Tuesday, January 30, 2007

15. New papers on fuzzy p-values

As you may know, the notion of a fuzzy p-value in the sense of Geyer and Meeden has been warmly received by the statistical community (taking into account the cyclic FS-bashing episodes over decades, 'warmly' is a good thing).

Here you are some papers:

Fuzzy p-values in latent variable problems by Elizabeth Thompson and Charles Geyer. Update: Biometrika 94 (2007), 49-60.

Fuzzy p-values and ties in nonparametric tests by Charles Geyer.

Uncertainty in inheritance: assessing evidence for linkage by Elizabeth Thompson.

Interpreting significance in nonparametric linkage analysis: the fuzzy p-value distribution extended to multiple score functions by Lars Ängquist.

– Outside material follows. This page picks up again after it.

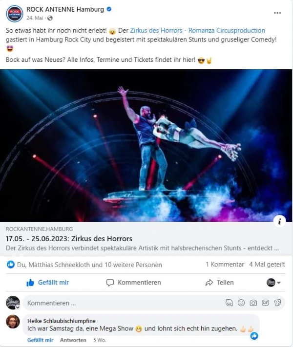 Auch auf dem Facebook und Instagram Account von ROCK ANTENNE Hamburg wurde der Zirkus des Horros eingebunden, um u.a. auf die Verlosungen aufmerksam zu machen.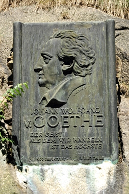 Pierre de Goethe - Dalle de granit - Goethe et Fritz von Stein auraient fait une pause déjeuner sur cette dalle de granit en septembre 1783 Goethestein - Granitplatte - Auf der Granitplatte sollen im September 1783 Johann Wolfgang von Goethe und Fritz von Stein eine Mittagsrast eingelegt haben Goethe Stone - Granite slab - Goethe and Fritz von Stein are said to have taken a lunch break on the granite slab in September 1783

Saturday, January 27, 2007

14. Old paper in Test

The Spanish Statistics & OR Society (SEIO) has discontinued the website of their journal Test, which will now be editorially handled by Springer. It looks like, as a more or less tragic (and difficult to explain) consequence, papers published in the last years or forthcoming will no longer be freely accessible.

Here you are a link to the SPFS paper I've been able to rescue using Google. The link will eventually be discontinued as well: Integrals of random fuzzy sets by Volker Krätschmer.

This paper appeared in Test 15 (2006). It contains an extensive study of integrals of fuzzy random variables with convex values, defined via embeddings into Lp spaces.

Update: The SEIO website will temporarily keep accessible Test papers published in 2005 and 2006.

13. Old paper by Masson and Denœux

Another paper from Citeseer.

It is important that attention be paid to adapting modern statistical techniques to fuzzy data. Multidimensional scaling of fuzzy dissimilarity data does so for this technique which aims at visually helpful lower-dimensional representations of dissimilarities between objects. The nutshell idea is that similar objects are plotted as points at close distance, while dissimilar ones are farther apart. In this paper, dissimilarities are modelled by fuzzy numbers, whence objects are represented by fuzzy sets which appear in the plot as nice shadowed areas.

This paper appeared in Fuzzy Sets and Systems 128 (2002), 339-352.

12. Old papers by Körner and Näther

Some years ago I downloaded Ralf Körner's Ph.D. thesis from somewhere in the net but, unfortunately, it seems to have disappeared.

Anyway I have found at Citeseer a couple of papers thereof:

On the variance of fuzzy random variables. This paper by Körner appeared in Fuzzy Sets and Systems 92 (1997), 83-93.

May I bring to your attention that a definition of variance in the non-convex case is lacking.

Linear regression with random fuzzy variables: extended classical estimates, best linear estimates, least squares estimates. This paper by Körner and Näther appeared in Information Sciences 109 (1998), 95-118.

Wednesday, January 10, 2007

11. Two papers in a forthcoming special issue of FSS

The forthcoming special issue of Fuzzy Sets and Systems on Fundamentals of fuzzy logic and soft computing and some applications, edited by Yingming Liu, Mingsheng Ying and Guoqing Chen, will contain seven selected papers from the 11th World Congress of IFSA (Beijing, 2005).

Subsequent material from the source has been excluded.